The /compare endpoint is the actual product
Reading five implementations isn't the same as watching them behave differently on the same input, so the service ships a /compare?n=20&delay=0.1 endpoint that runs a simulation and returns a structured comparison:
{
"input": { "key": "0.0.0.0", "n": 15, "delay": 0.1 },
"results": {
"fixed_window": { "allowed": 10, "denied": 5, "sequence": [...] },
"sliding_window_log": { "allowed": 10, "denied": 5, "sequence": [...] },
"sliding_window_counter": { "allowed": 10, "denied": 5, "sequence": [...] },
"token_bucket": { "allowed": 11, "denied": 4, "sequence": [...] },
"leaky_bucket": { "allowed": 11, "denied": 4, "sequence": [...] }
}
}
Internally, /compare runs each limiter against a fresh FakeClock that starts at the same instant and advances by exactly delay seconds between requests. No real sleeping.
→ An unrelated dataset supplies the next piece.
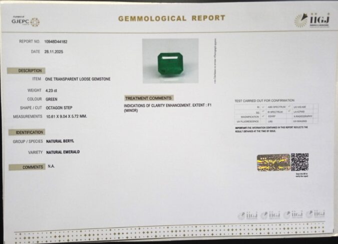 Beautiful 4.23 Cts Natural Emerald (Top-Mines) sva 4+ Ratti EMERALD. Free Horoscope & Free Pundit Ji Astrological Advise / Consultation. Original Natural Lab certified gems by IGI GTL / Birth stones / Large Gem Selection of shree shubh Rashi Ratan Vedic dhan at Gem Mines. May Bhagwan Brahma, Vishnu, Shiv & Universe bless you.

Each limiter sees the same input sequence, which is the only way the comparison is fair. (If you sleep for real, slow PHP processes make fast limiters look different from each other for reasons that have nothing to do with the algorithm.) The HTML page at / has a tiny JavaScript front end that renders the sequence as a colored row of rectangles so you can see at a glance which requests each algorithm allowed and denied.
The storage detour, in one paragraph
PHP's built-in -S server reloads public/index.php on every request, so nothing in memory survives across calls. I punt on that with a single JSON file under /tmp: hydrate at app boot, flush at end of request. This is emphatically not how you'd deploy it for real — in production every one of these algorithms has a well-known Redis Lua implementation (INCR for fixed window, ZADD + ZREMRANGEBYSCORE for sliding log, a short script for token/leaky bucket). The math is identical; only the "where does the state live" answer changes. The demo is about the algorithms, not the storage layer.
Trade-offs that bit me
A few things worth knowing before you pick one:
- In-memory only. Single process, single host. The moment you have two app servers you have two rate limiters and the effective limit is 2× what you configured. Redis fixes this.
- Per-IP only. I key on the remote address. That's the wrong key for most real APIs — you usually want per-user or per-API-key — but it's trivial to swap in.
- No per-endpoint config. All five limiters are hard-wired at 10 / 10 s. A real service would pull config per route.
- Leaky bucket surprises people. Specifically, its lack of burst credit. If you put a leaky bucket in front of a SPA that fires 5 requests in parallel on page load, you'll get 429s for some of them under load patterns that a token bucket would have allowed without flinching.
- Sliding window counter is an approximation. If your limits are legally binding (billing, compliance), use the sliding log. The extra memory cost is usually cheaper than explaining to auditors why the counter sometimes says 11.
Try it in 30 seconds
git clone https://github.com/sen-ltd/rate-limit-demo
cd rate-limit-demo
docker build -t rate-limit-demo .
docker run --rm -p 8000:8000 rate-limit-demo
# In another shell:
for i in $(seq 1 12); do
curl -sS -o /dev/null -w "%{http_code} " http://localhost:8000/fixed-window
done; echo
# → 200 200 200 200 200 200 200 200 200 200 429 429
curl -sS 'http://localhost:8000/compare?n=15&delay=0.1' | jq '.results | keys'
51 PHPUnit tests cover each limiter's happy path, the fixed-window edge-burst flaw, the sliding-counter weight decay, the token bucket's fractional refill, the leaky bucket's lack of burst credit, the simulator, and the full HTTP surface. Everything runs on the fake clock, so the whole suite finishes in 14 milliseconds.
If you remember one thing from all of this, let it be: pick your algorithm based on whether your clients are allowed to burst. Fixed window lets them. Sliding log and counter don't. Token bucket lets them, up to the bucket size. Leaky bucket doesn't let them at all. Everything else is an implementation detail.